Most consumers who shop at a supermarket have no idea that the underneath the 42,000 items that are typically stocked is “real estate” that’s for sale to the highest bidder. That competition for shelf space creates a system that a nonprofit argues hurts consumers by thwarting new products from gaining a foothold in the market.
A recent report from the Center for Science and the Public Interest said some grocery real estate is more valuable than others, such as the candy aisle next to the checkout counters and displays at the end of an aisle. One sweet maker paid a chain $500,000 to place a single product next to its cash registers for a few months, according to a broker who was interviewed for the CSPI’s report. Another broker spent $17,000 for a one-time “event” at a 300-store chain, the CSPI said. An executive at a condiment company told the nonprofit that his firm pays between $5,000 and $20,000 per item in slotting fees.
All told, food companies spend more than an estimated $50 billion in fees that guarantee their products will get placed on grocers’ shelves and promoted in advertising circulars, among other things, according to the CSPI report. That $50 billion estimate comes from research done by University of North Florida marketing professor Gregory Gundlach and a group of academics.
According to the report, “Working with other academics, Gundlach and his colleagues in the mid-2000s used what he called ‘leakage’ -- tidbits included in the footnotes of public filings and stray data points found in trade publications -- to estimate the amount of money manufacturers pay retailers each year.”
None of the executives the CSPI interviewed would speak for the record about the practice, which former grocery industry executive Mark Heckman described to the nonprofit as a “deep, dark secret of the retailing world,” a characterization the industry disputes.
Gundlach’s research also found that food companies provide cases of free merchandise as part of these arrangements, which have gone on for years. In addition, chains have designated some products as a “category captain,” which enables them to dictate the layout of an entire food section where they already dominate. These arrangements are formalized in multiyear contracts.
For some grocery chains, these fees “are a large part of their profits,” said Howard Davidowitz, chairman of the retail consultancy/investment banking firm Davidowitz & Associates. He added that traditional grocery chains count on them to bolster their razor-thin profit margins. “The biggest food suppliers do this,” said Davidowitz.
John Stanton, a professor of food marketing at St. Joseph’s University in Philadelphia, noted that the big manufacturers pay slotting fees as a way to keep smaller producers out of the market. He estimates that 60 percent to 70 percent of grocers’ profits comes from these fees. In essence, he said, “They make more money when they buy food than when they sell food.”

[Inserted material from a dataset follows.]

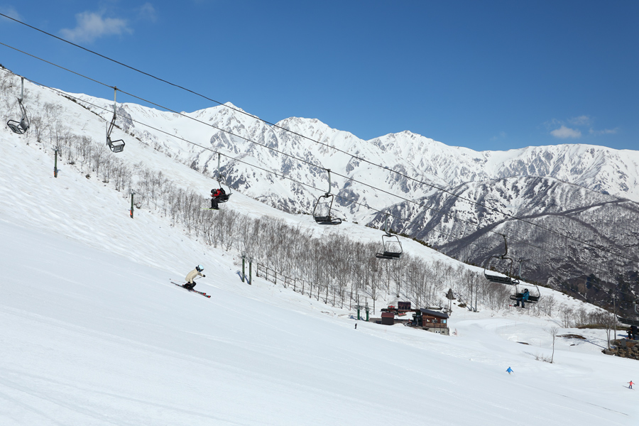 今朝は特にアルペンクワッド→グラートクワッドと乗り継いで登山に向かう来場者が多かったです。「いつも見てます!今日は滑りは無しにして、スノーシューで行けるところまで行ってきます。」とはグラートクワッド乗り場でお会いした愛知県からのご夫婦。ゲレンデでも純白に染まった白馬三山(写真)についつい目が行きました。

The practice, though, isn’t universal. Walmart (WMT), the country’s largest seller of groceries, doesn’t take slotting fees to stock merchandise, though it does take payments for stocking new products for the first time. Newer entrants to the grocery story market such as Aldi, which is undercutting Walmart on price, don’t accept the fees either. But given the fierce competition in the grocery business, Davidowitz expects them to fade over time.
According to the Food Marketing Institute, a trade group representing the grocery chains, slotting fees vary depending on location, much like other costs such as wages and real estate, and were needed to help retailers facing an “explosion in the number of new products being brought to market.” The institute said these fees are legitimate.
“The way slotting fees was presented by CSPI was misleading,” the trade group said. “It is not a shadowy backroom deal cut, but an openly discussed agreement to facilitate manufacturers helping retailers recoup the labor, spacing and shelving costs entailed in marketing new product lines.”
The CSPI argues that the fees prevent new entrants from competing fairly for the attention of shoppers. Take entrepreneur Jon Gordon, who shelled out tens of thousands of dollars to get his Clemmy’s sugar-free and gluten-free ice cream stocked at some Albertson’s and ShopRite locations but balked at paying $500,000 to gain access to the more than 400 Stop & Shops, which is owned by Netherlands-based Ahold Delhaize.
Gordon unsuccessfully sued Swiss-based Nestle, whose ice cream brands include Edy’s and Dreyers, for abusing its market position by forcing his products to the bottom of the freezer case, making them difficult for consumers to find. Clemmy’s filed for bankruptcy protection last year.
“Between slotting fees and the category captain system, those two things alone make it almost impossible for a smaller manufacturer to make it,” Gordon said in a CSPI statement.
The Grocery Manufacturers Association declined to comment for this story. The CSPI called on the Federal Trade Commission to investigate the issue. An FTC spokeswoman didn’t respond to a request for comment.
Public health advocates have long argued that these fees result in less healthy food choices getting more promotion than healthier choices and are exacerbating the nation’s obesity epidemic.
“Study after study has shown us that it matters where food is placed, and matters a lot,” said Mary Story, associate director for Academic Programs at the Duke Global Health Institute, in a CSPI statement.